Update: Lawsuit filed in Ohio over software updates to vote tabulation machines
Last-minute patches were untested and uncertified in violation of Ohio law, plaintiff claims
Computerworld - The co-chairman of the Ohio Green Party and editor of FreePress.org, Bob Fitrakis, on Monday filed a federal lawsuit over software that was allegedly installed on central vote tabulation machines in 39 Ohio counties without being tested or certified for use, as required by state law.
The lawsuit, filed in the U.S. District Court for the Southern District of Ohio, sought the court's immediate intervention in getting Ohio Secretary of State Jon Husted to remove the allegedly infringing software from the tabulation machines before Tuesday's general elections.
Ohio is a key swing state in the U.S. presidential election and could well determine the winner. Polls have shown President Obama with a narrow lead in the state over GOP challenger Mitt Romney.
The lawsuit comes days after FreePress.org published a report claiming that Husted had done an "end run" around Ohio law by installing the software on the vote tabulators in the weeks leading up to to the election. According to the report, the software was installed on machines that will be used to count ballots cast by more than 4 million registered voters, including those in major metropolitan areas such as Cleveland and Columbus.
FreePress claimed it obtained a copy of the contract for the software from a source at Husted's office. The contract calls for the tabulation machine's vendor to "enter custom codes and interfaces to the standard election reporting software," the publication claimed.
In an update posted Monday, Fitrakis said that FreePress has since learned that the software was apparently installed to help simplify the process by which counties report election results to the Secretary of State's system.
Memos circulated among senior staff at the Ohio Secretary of State's office "indicate that this software was never tested because of claims that it is not involved with the tabulation or communication of votes," Fitrakis noted. The software was unilaterally deemed "experimental" in nature by Husted's office and therefore was made exempt from Ohio's testing and certification requirements, he said.

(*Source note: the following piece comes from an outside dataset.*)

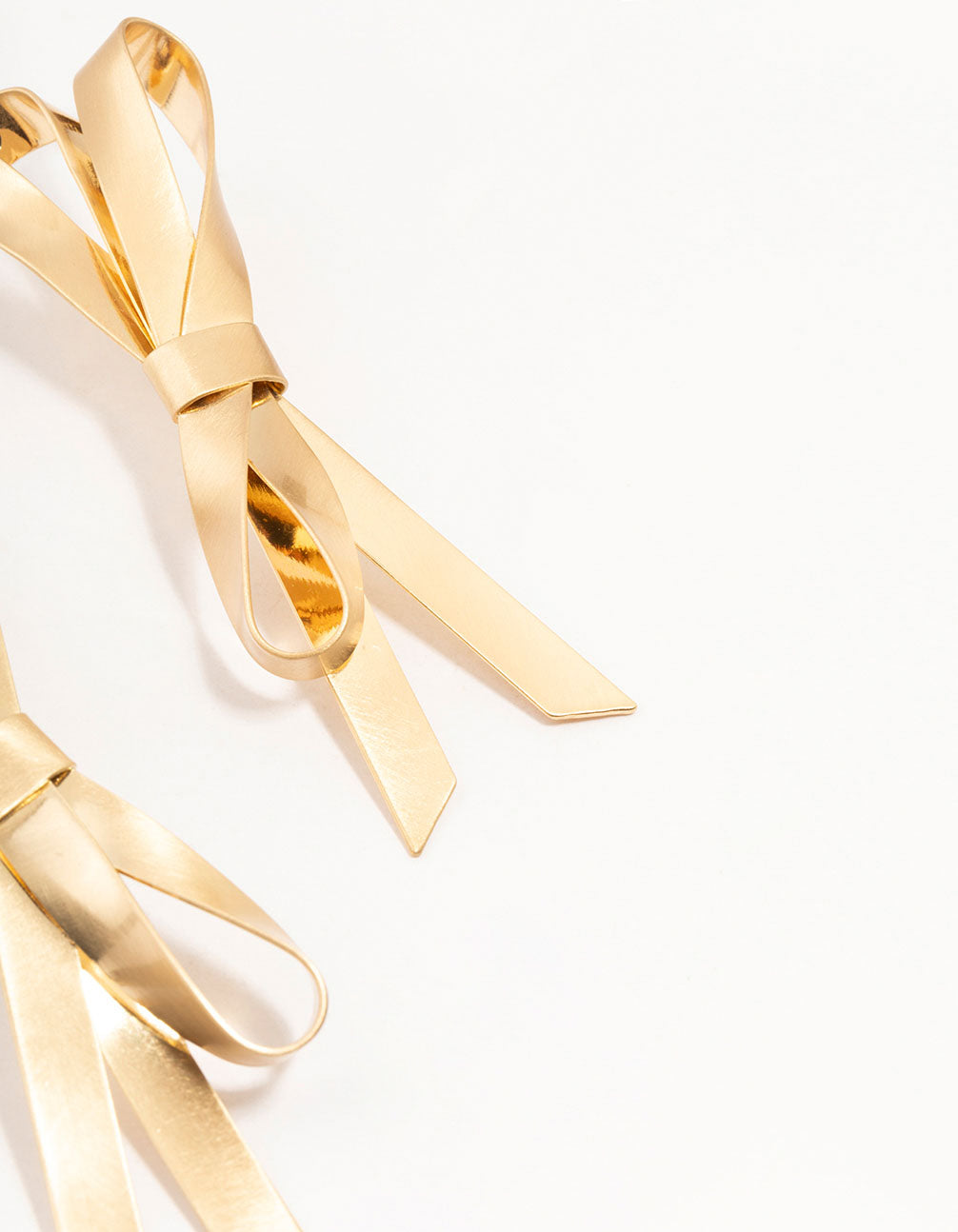 These stunning drop earrings feature a large gold plated bow design with dangling drop accents.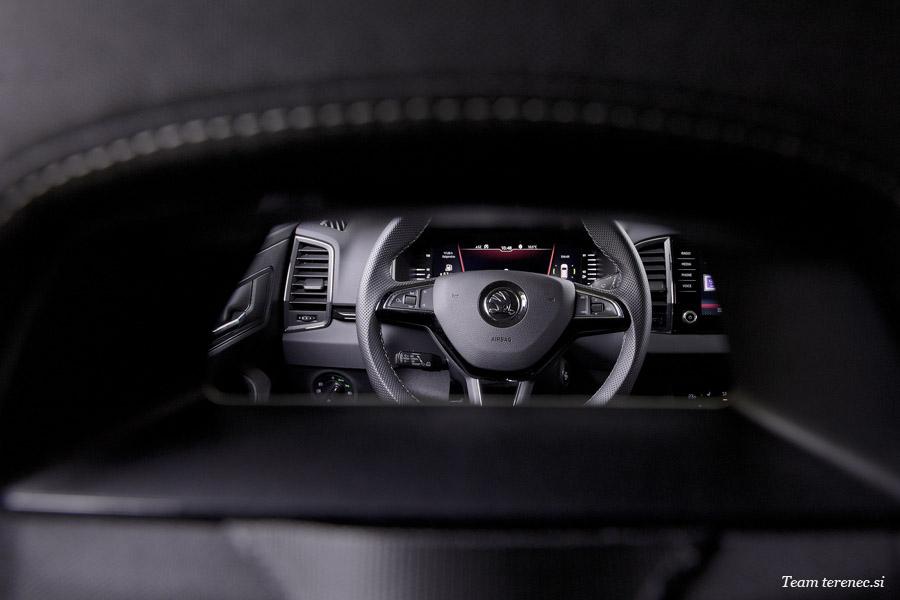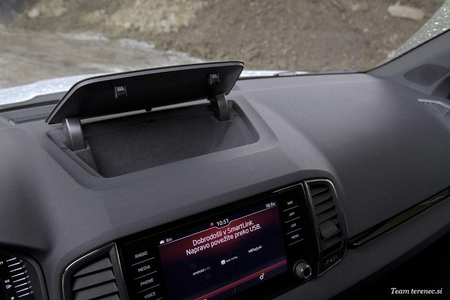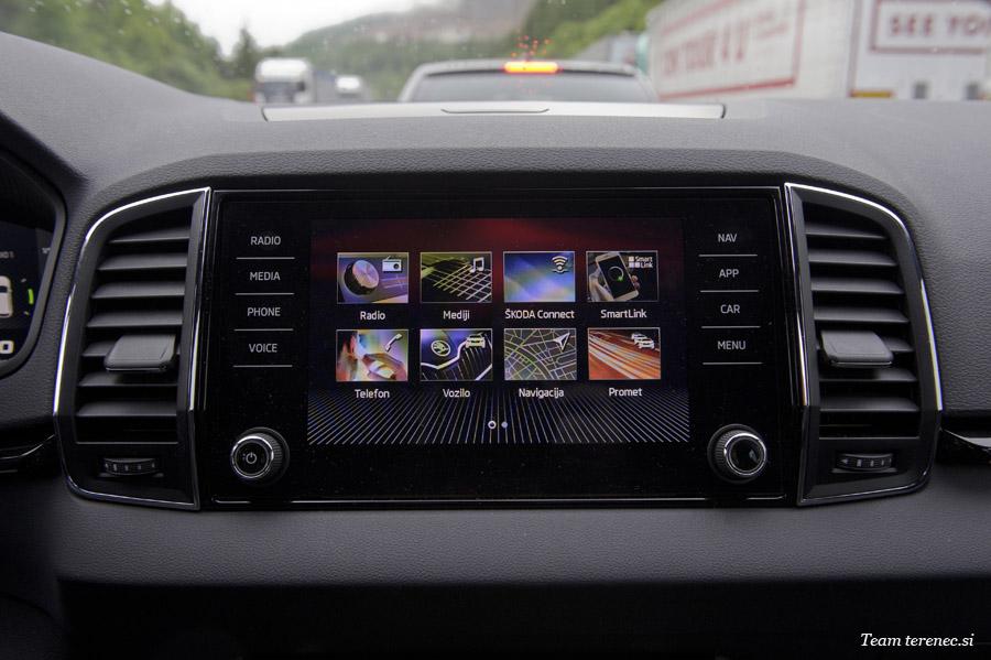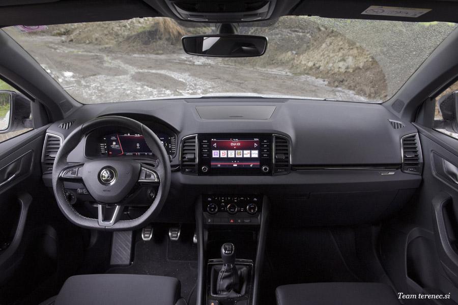 Notranjost je zaradi nivoja opreme Sportline izpopolnjena in dodelana z velikima, sodobnima zaslonoma. Seveda vsega se ne dobi v omenjeni opremi in je treba še kaj dodati, a kljub temu je Karoq precej opremljen. Opremljen je z 8-palčnim zaslonom na dotik, ki z doplačilom omogoča navigacijo. Standardno se lahko povežemo z Apple CarPlay in Android Auto. Zaslon je zelo jasen, enostaven, odziven in slika je kristalna. Klimatska naprava je ločena od zaslona in postavljena nekoliko nižje. Zagon motorja opravimo samo s pritiskom na gumb. Multi funkcijski volan je tri kraki in oblečen v usnje. Voznikovi inštrumenti so digitalni in opremljeni z vsemi potrebnimi podatki. Sam grafični prikaz si lahko prilagajamo po svojih željah.

Untested software updates on voting machines are illegal under Ohio law, but "last minute software patches may be deemed 'experimental' because that designation does not require certification and testing," Fitrakis wrote. "By unilaterally deeming this new software "experimental," Secretary of State Husted was able to have the software installed without any review, inspection or certification by anyone," he claimed.
The Ohio Secretary of State's office did not immediately respond to a request for comment.
Speaking with Computerworld, Fitrakis said he filed the lawsuit because Ohio statutes make it clear that all software loaded on election systems must be previously tested and certified. Though Husted's office has tried to make it appear that the software update was such a minor change that it did not require testing, state and federal laws provide no such exception, especially when the update involves so many systems.
"If the software is so benign, they should have given us the contract to inspect," Fitrakis said.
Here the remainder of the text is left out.